The line moved surprisingly quickly and we lost a lot of people who hadn’t bought their tickets before the actual day. We even managed to get seats when the train came. Our plan was to ride to L’Enfant Plaza, head to the hotel for a bio break (Phoebe had heard about some math involving the ratio of people to Porta-Potties that was scary!) and then hoof it to the Blue Gate a few blocks away. It took a lot longer to move from station to station than we had expected. The time seemed to be flying away as the starting time got closer, and we were still on the metro. Finally, the cars emptied out as we got into the District, and we made it to L’Enfant Plaza. The shortest line of the day was the one at the restroom in “L’Enfant Plaza – only four people ahead of us. Amazing!
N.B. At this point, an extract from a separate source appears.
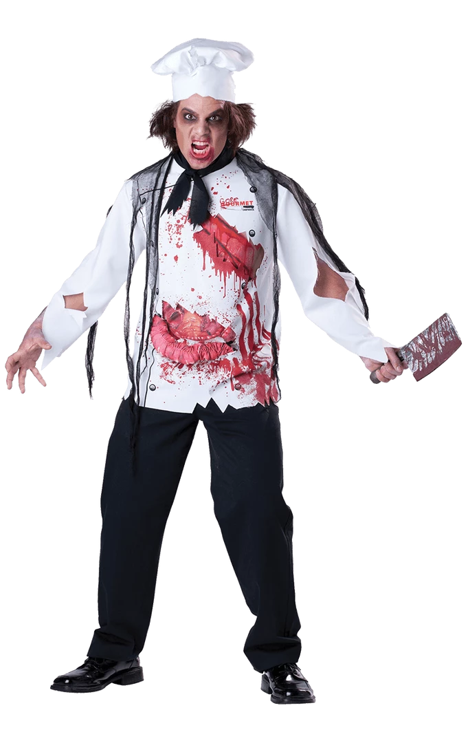 He’s unpredictable, he’s angry and he’s blood thirsty. Maybe that sounds like your average heat enraged chef, but this chef’s speciality isn’t just cooking, it’s cutting…chopping…stabbing and gore! Terrify party goers with this graphic and grim Mens Halloween Goremet Chef Costume and have them put off food all night!

The line for the Blue Gate was, sadly, somewhat longer. Since I’ve told the story of Heartbreak at the Blue Gate in another post, I will skip ahead to the end of the ceremony and the beginning of our attempt to get back to our hotel in Springfield, Virginia. The estimated 1.8 million people who had collected on the Mall got there over a period of several hours. In contrast, almost all of them wanted to leave within a few minutes of each other. The crowds we had seen that morning were tiny by comparison to the crowds afterward. Knowing that the system would be jammed, we made our way slowly off the grounds. We went by the Blue Gate to see what it looked like from the inside (so sad…).
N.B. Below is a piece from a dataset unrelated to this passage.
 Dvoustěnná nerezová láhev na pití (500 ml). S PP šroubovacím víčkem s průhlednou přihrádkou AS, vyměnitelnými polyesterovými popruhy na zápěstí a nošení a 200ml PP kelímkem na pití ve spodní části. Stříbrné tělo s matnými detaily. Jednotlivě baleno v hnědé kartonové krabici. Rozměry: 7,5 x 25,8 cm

Security screening stations at the Blue Gate; they were NOT working before the ceremony

This is where we were when they closed the gates. Arg...........

We sat for a while and watched as thousands of people walked by. And then we started to make our way toward L’Enfant Plaza metro station. The first bulge we met was a few blocks from the Federal Center station. We heard that it was closed. There was no way to confirm many of the things we heard during the day, but certainly the large number of people who had been moving in the direction of Federal Center stopped moving. We made our way to the edge of the crowd and tried to head south to get as far away from the Mall as we could and then head west toward L’Enfant plaza. The strategy seemed to be working, as the crowd had thinned slightly (left). But as we turned the corner leading to L’Enfant Plaza, we were amazed to see the steps to the plaza completely jammed with people (right).

Crowd at HUD leaving the Inauguration Amazing mass of people waiting to get into L'Enfant Plaza metro station

In yet another example of the spirit of the day, there was little movement in the crowd, no pushing and shoving, people just there waiting to file into the metro station.

Thousands of people, one police officerThere was one police (or security) officer on the deck who was trying to keep people informed of what was going on, and telling stories to the crowd – “I’ve lived here 15 years and I’ve never seen anything this amazing…” What a human way to keep everyone connected and caring.

At this point, however, it was clear to Phoebe and me that the Metro was not going to be the way to go for quite some time. How then, to get out of the District? We walked!